ENTRIES SUPPLIED:
Content starts

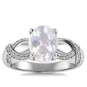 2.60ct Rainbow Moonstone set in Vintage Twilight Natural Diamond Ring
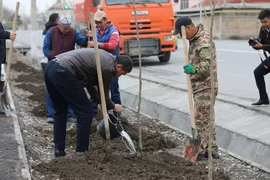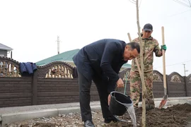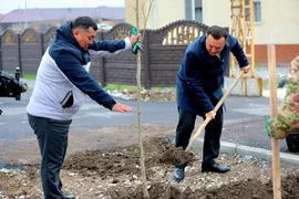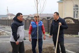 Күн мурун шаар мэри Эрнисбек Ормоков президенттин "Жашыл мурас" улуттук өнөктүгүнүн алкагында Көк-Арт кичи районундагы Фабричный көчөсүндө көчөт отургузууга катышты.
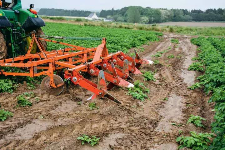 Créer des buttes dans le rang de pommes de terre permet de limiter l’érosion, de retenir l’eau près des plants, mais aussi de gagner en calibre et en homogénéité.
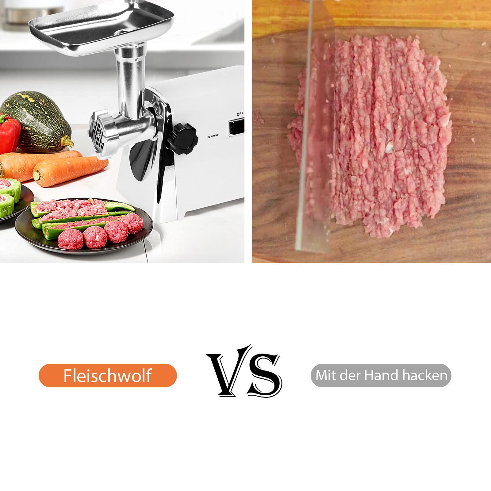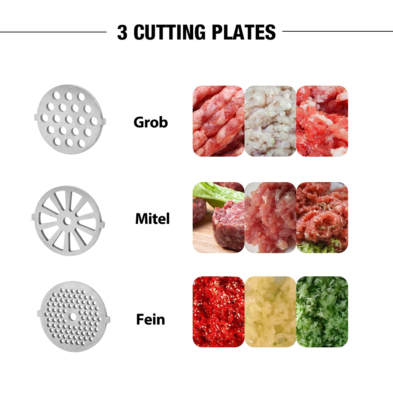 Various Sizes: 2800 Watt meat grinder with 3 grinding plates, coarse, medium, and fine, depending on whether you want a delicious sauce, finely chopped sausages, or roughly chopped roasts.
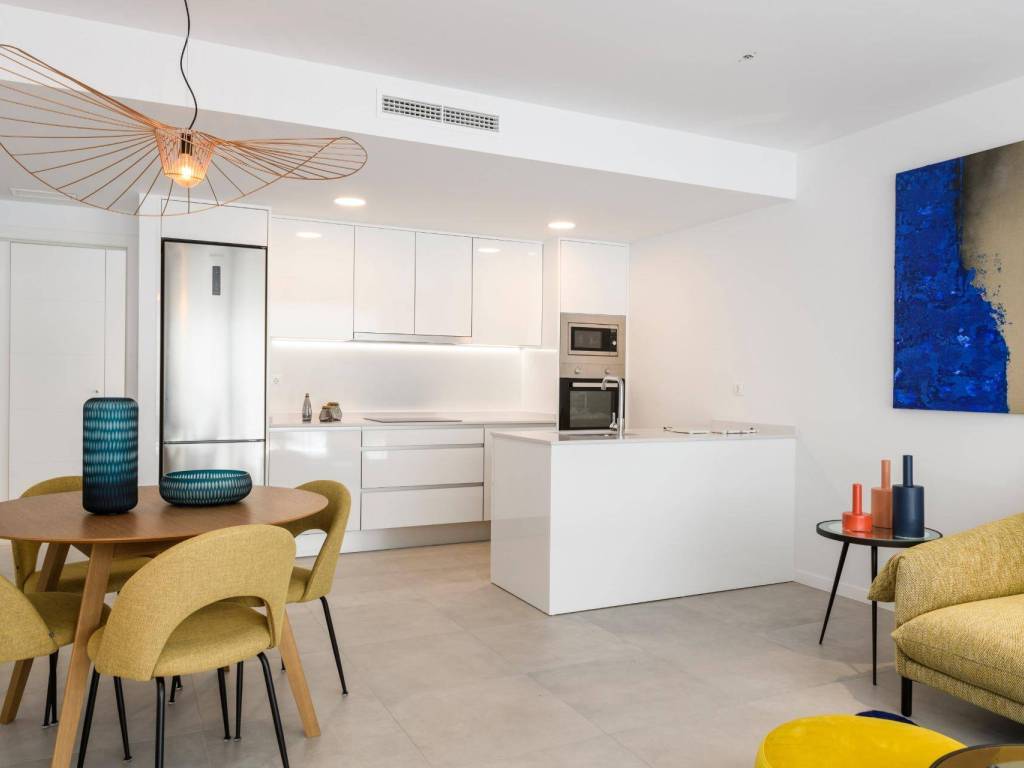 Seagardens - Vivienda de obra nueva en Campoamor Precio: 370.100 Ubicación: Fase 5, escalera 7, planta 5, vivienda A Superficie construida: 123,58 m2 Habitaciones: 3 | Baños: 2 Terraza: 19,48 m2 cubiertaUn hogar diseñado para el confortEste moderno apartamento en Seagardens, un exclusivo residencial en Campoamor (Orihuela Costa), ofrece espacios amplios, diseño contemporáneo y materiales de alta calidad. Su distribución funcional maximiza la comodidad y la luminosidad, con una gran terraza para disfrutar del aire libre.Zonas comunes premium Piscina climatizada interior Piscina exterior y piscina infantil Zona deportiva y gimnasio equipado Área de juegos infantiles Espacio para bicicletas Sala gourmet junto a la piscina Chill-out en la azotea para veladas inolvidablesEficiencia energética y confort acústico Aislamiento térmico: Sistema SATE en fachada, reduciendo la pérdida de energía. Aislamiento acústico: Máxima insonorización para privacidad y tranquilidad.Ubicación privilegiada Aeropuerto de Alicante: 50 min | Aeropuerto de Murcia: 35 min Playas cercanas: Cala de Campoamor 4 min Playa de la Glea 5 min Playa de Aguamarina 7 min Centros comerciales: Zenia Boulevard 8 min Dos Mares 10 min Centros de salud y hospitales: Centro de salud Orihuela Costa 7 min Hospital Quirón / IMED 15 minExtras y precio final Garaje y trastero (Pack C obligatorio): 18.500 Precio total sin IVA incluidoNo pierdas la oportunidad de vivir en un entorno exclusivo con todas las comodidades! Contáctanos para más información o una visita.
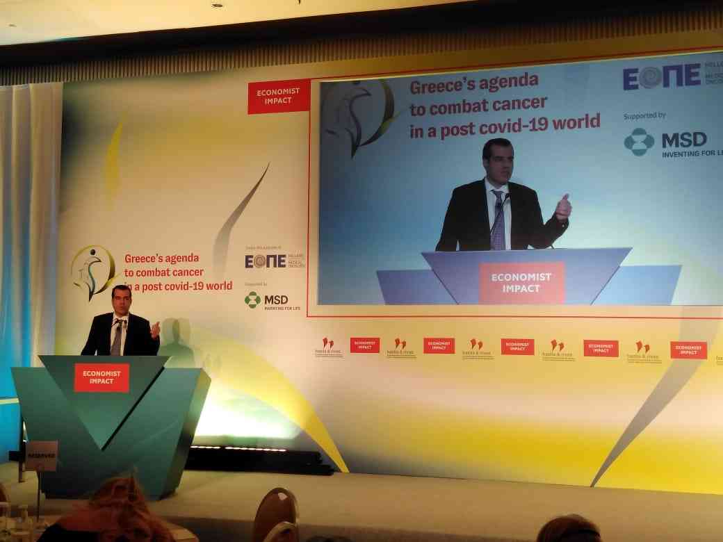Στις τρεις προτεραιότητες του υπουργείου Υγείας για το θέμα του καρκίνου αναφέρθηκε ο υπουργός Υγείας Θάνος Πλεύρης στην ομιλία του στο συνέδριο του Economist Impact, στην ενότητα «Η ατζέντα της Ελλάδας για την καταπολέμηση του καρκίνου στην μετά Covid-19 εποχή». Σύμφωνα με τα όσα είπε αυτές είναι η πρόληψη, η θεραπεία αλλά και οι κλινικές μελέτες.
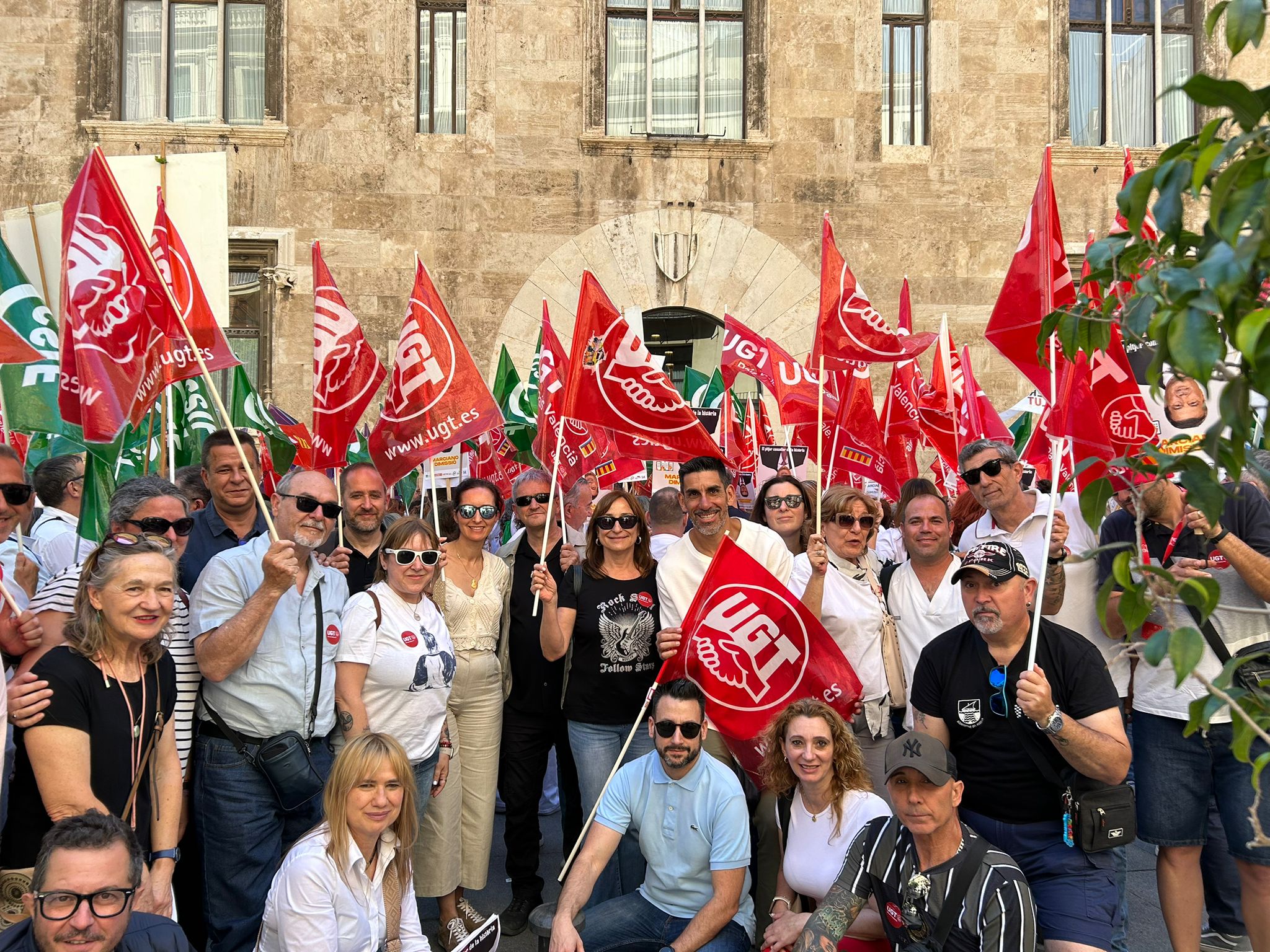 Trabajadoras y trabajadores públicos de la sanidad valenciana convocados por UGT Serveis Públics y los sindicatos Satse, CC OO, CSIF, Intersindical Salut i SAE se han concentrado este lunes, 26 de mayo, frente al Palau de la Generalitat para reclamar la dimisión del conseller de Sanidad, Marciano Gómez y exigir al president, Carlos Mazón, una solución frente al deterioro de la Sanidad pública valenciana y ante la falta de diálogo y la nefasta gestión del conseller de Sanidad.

Content ends
Content starts

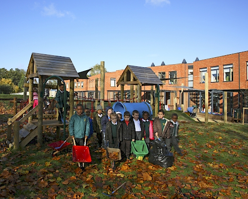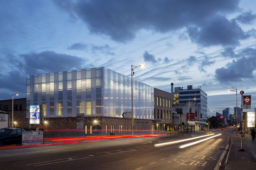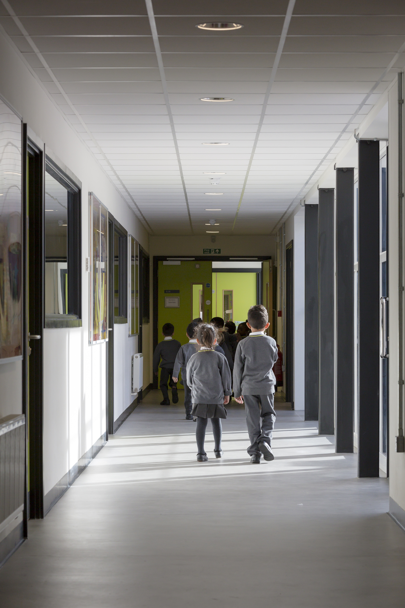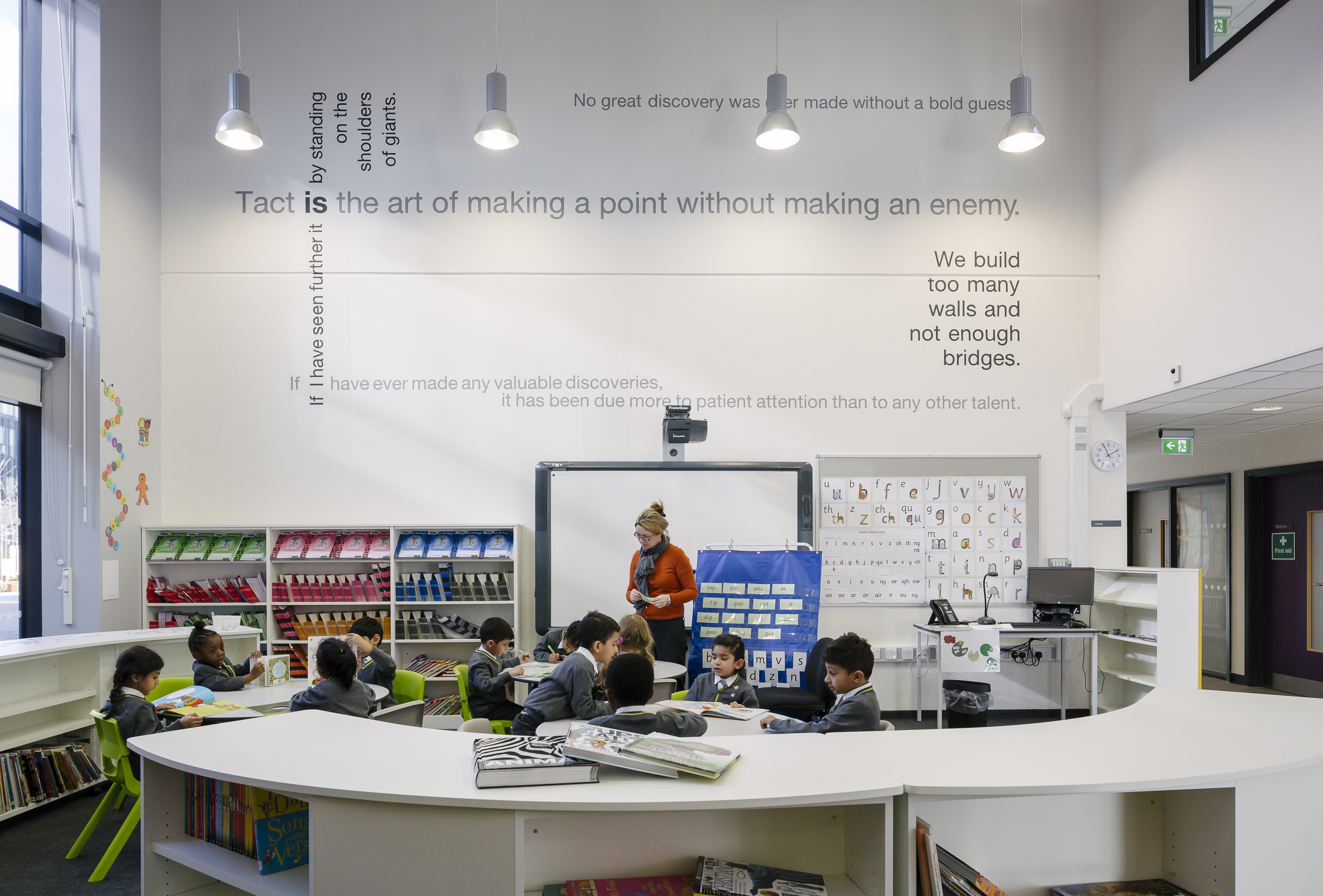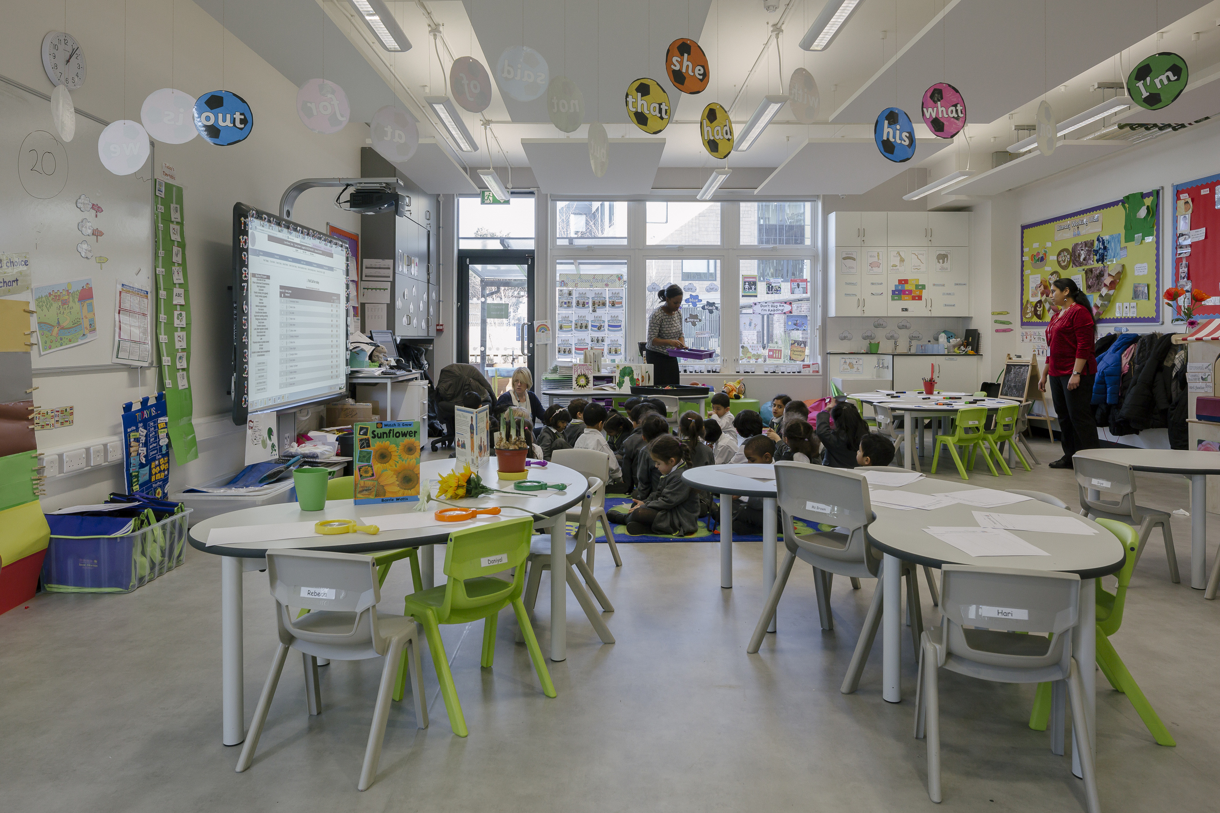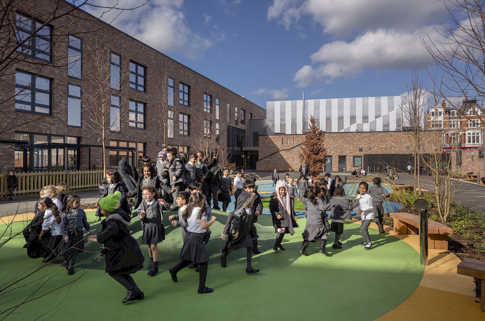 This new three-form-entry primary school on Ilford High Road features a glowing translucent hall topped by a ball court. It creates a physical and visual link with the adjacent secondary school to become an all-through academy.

Content ends

EXERCISE AIM:
Leave the pictures out, and transcribe exactly the lines above starting at the one that contains "2.60ct Rainbow Moonstone" and ending at the one that contains "Various Sizes: 2800".

OUTPUT:
 2.60ct Rainbow Moonstone set in Vintage Twilight Natural Diamond Ring
 Күн мурун шаар мэри Эрнисбек Ормоков президенттин "Жашыл мурас" улуттук өнөктүгүнүн алкагында Көк-Арт кичи районундагы Фабричный көчөсүндө көчөт отургузууга катышты.
 Créer des buttes dans le rang de pommes de terre permet de limiter l’érosion, de retenir l’eau près des plants, mais aussi de gagner en calibre et en homogénéité.
 Various Sizes: 2800 Watt meat grinder with 3 grinding plates, coarse, medium, and fine, depending on whether you want a delicious sauce, finely chopped sausages, or roughly chopped roasts.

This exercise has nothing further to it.